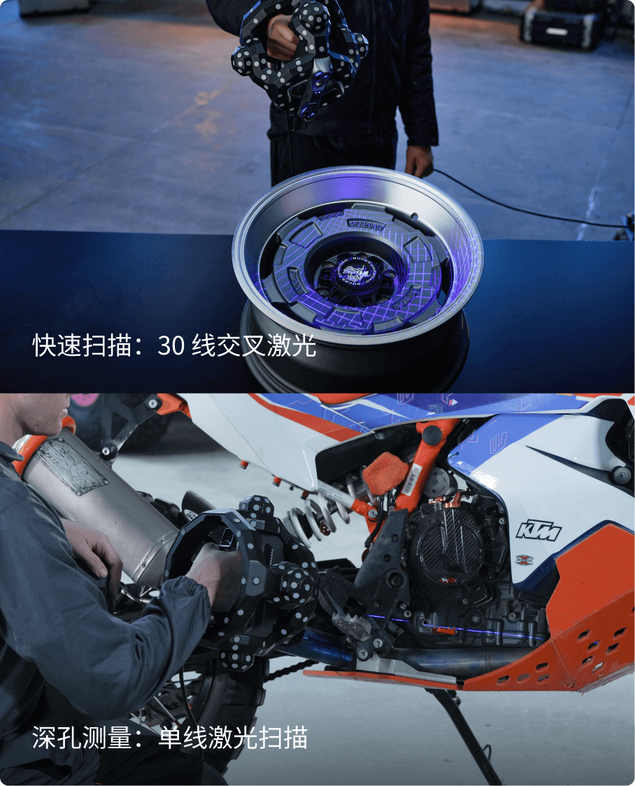 Trackit 跟蹤式三維掃描儀支持 30 束激光交叉線和單束激光一字線兩種掃描模式,可自由選擇,滿足不同的任務需求。
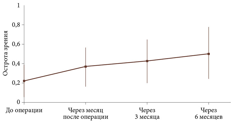 До операции всем пациентам измеряли остроту зрения (корригированную и некорригированную), проводили рефрактометрию, биометрию для расчета оптической силы ИОЛ, тонометрию, биомикроскопию и офтальмоскопию. Остроту зрения оценивали по десятичной шкале (Snellen эквивалент). Рефракция выражалась в виде сферического эквивалента (СЭ). Уровень внутриглазного давления (ВГД) > 21 мм рт. ст. считался повышенным. О повышенном уровне ВГД свидетельствовала также потребность в гипотензивной терапии.
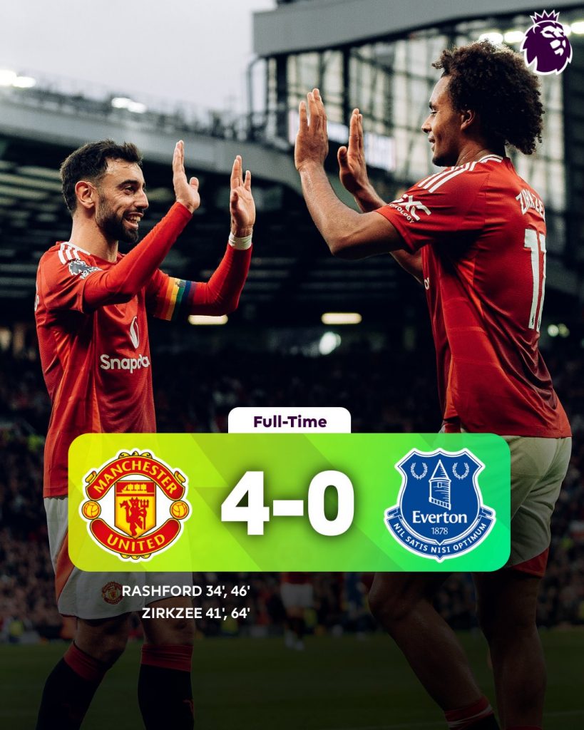 Manchester United showcased their best performance of the season as they thrashed Everton 4-0 at Old Trafford, marking a dream Premier League home debut for new manager Ruben Amorim.
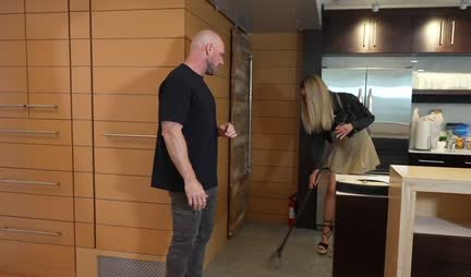 A blonde in a short skirt skillfully sucks a shaft in the kitchen
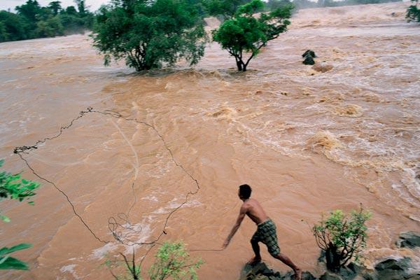 Круглогодичное движение более крупных судов возможно только на пятисоткилометровом участке между Вьентьяном, лаосской столицей, и Кхемарратскими порогами, которые относительно проходимы только в период половодья, в августе – октябре. А дальше путь в соседнюю Камбоджу и далее через Вьетнам в море преграждает самый широкий в мире (до 1700 метров) водопад Кхон. Ниже него в мае – октябре, когда наступает период муссонов, Меконг разливается на 15 километров. Этот участок реки сплошь усеян островами, на которых буйствует тропическая растительность. Он так и называется – Си Пхан Дон, Четыре Тысячи Островов.
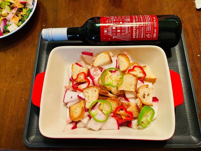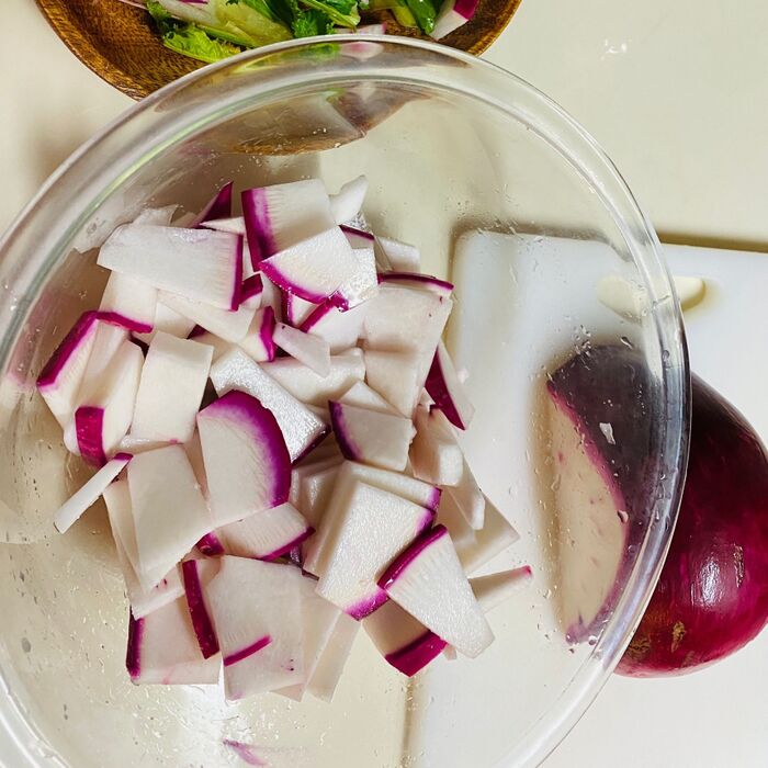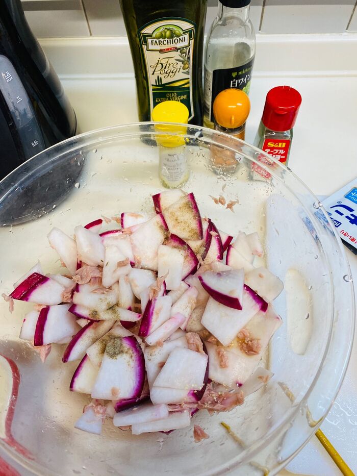 水気を切ったかぶにワインビネガー、オリーブオイル、胡椒、ガーリックパウダー、クミンを入れてよくあえます。

|---|

Problem => Repeat exactly the lines above, from the line containing "Круглогодичное движение более" through the last line of the records, inclusive; omit any pictures.

Solution to the problem =>
 Круглогодичное движение более крупных судов возможно только на пятисоткилометровом участке между Вьентьяном, лаосской столицей, и Кхемарратскими порогами, которые относительно проходимы только в период половодья, в августе – октябре. А дальше путь в соседнюю Камбоджу и далее через Вьетнам в море преграждает самый широкий в мире (до 1700 метров) водопад Кхон. Ниже него в мае – октябре, когда наступает период муссонов, Меконг разливается на 15 километров. Этот участок реки сплошь усеян островами, на которых буйствует тропическая растительность. Он так и называется – Си Пхан Дон, Четыре Тысячи Островов.
 水気を切ったかぶにワインビネガー、オリーブオイル、胡椒、ガーリックパウダー、クミンを入れてよくあえます。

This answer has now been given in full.